Who ever thought that I would come to think of my itty, bitty, teensie, weensie flat room as my home? I certainly never thought I would. But, truth be told, when I was landing at the first of winter holiday my thoughts were, "Yay! I'm back in California!" but what I thought when I landed Sunday evening was, "*sigh* I'm home..." It's strange to think about really, but it hit me that California really isn't my home right now. It's where both sets of my parents live and it's where I know I'll always be welcomed back to with open arms but, alas! I do not live there anymore. Maybe one day I will be able to call California my home once again someday, but that won't be within the next few years. For now, it's my hometown that I visit every chance I get.
Enough of that "soul searching" type stuff. I spent yesterday getting re situated. It occurred to me that my room was a little messy so I've decided to clean it today in between studying (that is if these horrible cramps will allow me to stand for more than 5 minutes at a time. Sorry guys, but I am a girl and these things happen to us).
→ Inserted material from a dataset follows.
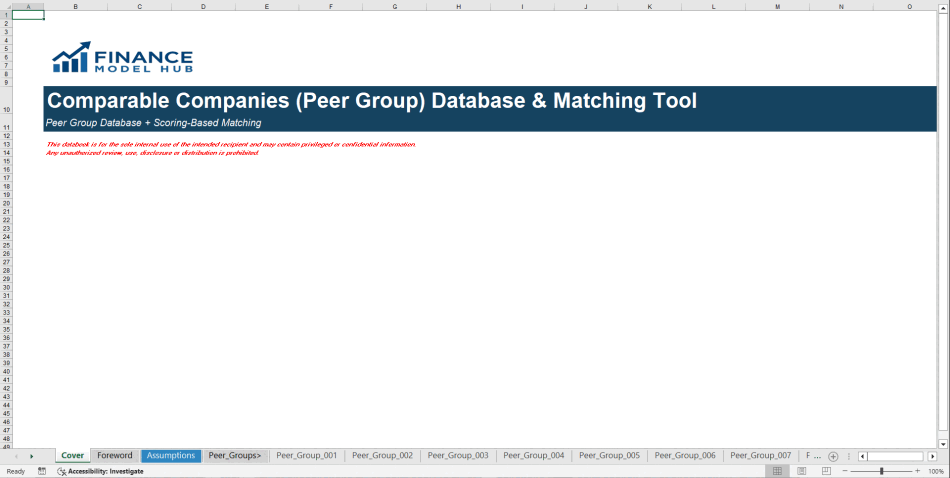 This Excel-based Comparable Companies (Peer Group) Database & Matching Tool is designed to dramatically accelerate one of the most time-consuming tasks in corporate finance and strategic analysis: building a high-quality, defensible peer set. Whether you need comparable companies for valuation, benchmarking, strategy, performance comparisons, market positioning, investor materials, or any other use case where a peer group is required, the model helps you move from "blank page" to a robust shortlist within minutes. The database is built on ~15 years of hands-on professional peer group work and is organised around historical Subject Companies. A Subject Company is the original reference business that served as the basis for a peer group build in prior analyses (e.g., valuations, PPAs, transaction-related work, benchmarking exercises, or similar contexts). For each Subject Company, a dedicated peer group was created through detailed manual research and iterative refinement—mirroring how comparable company selection is actually done in professional practice rather than relying on generic one-click screens. All Subject Companies have been anonymised, as the underlying work originates from prior professional projects. The key idea of this model is simple: you define the profile of your current company and the tool identifies the most similar Subject Companies from the library. You can then reuse and adapt the peer groups that were originally built for those reference cases—giving you a proven starting point, clear reference logic, and substantial time savings. The comparison to the Subject Company is also critical when interpreting the output: the tool does not only rank peer lists, it ranks the underlying reference cases that explain why a given peer group exists and in which context it was originally constructed. The library includes peer group cases across a broad range of industries. Coverage spans major sectors such as Energy, Materials, Industrials, Consumer Discretionary, Consumer Staples, Health Care, Financials, Information Technology, Communication Services, and Real Estate—with granular sub-industry differentiation (e.g., various industrial machinery categories, building products, chemicals, packaging, healthcare services/technology, software & services, semiconductors, media/telecom, REITs). This makes the tool suitable for a wide set of company profiles, while still allowing niche refinement via end-market and keyword matching. With 300 curated peer group cases, consistent classifications, and a transparent scoring approach, the model helps you work faster while maintaining quality and repeatability—ideal for advisors, investors, corporates, and analysts working under time pressure.

The reason I didn't clean it yesterday was because I really couldn't be bothered. I had to get my Internet back up and running at my room which required me to have my password sent to my email and then, seeing as I couldn't get my Internet working here, had to go down to school in the morning and use one of the computers there to get my info. Then there was the fact that I had no food, so I had to shop and by the time I got home at 11am I didn't want to go out anymore. So, I chatted with friends, watched a movie while unpacking and tidying here and there, and studied. My day ended with me ready then, as I couldn't take the cramps any longer, I laid down on my bed in a small ball and amazingly fell asleep. Ah, the first day back...not the most fun, but still.
I've only got one thing I really have to do that requires me to get out of my room today and it probably won't happen till afternoon...if I can stand by then. :) Ah...it's good to be home.
Ah yes. Home is where you make it. Where you feel most comfortable at any given time of life. Emphasis on the "you", not others home, your home.
ReplyDeleteAs a former Soldier, my person says that some times your life will be without a home there will only be the place you are living. For me, I always feel at home when I am curled up next to my person. So I guess one could say that a home is where your heart feels love and you feel safe.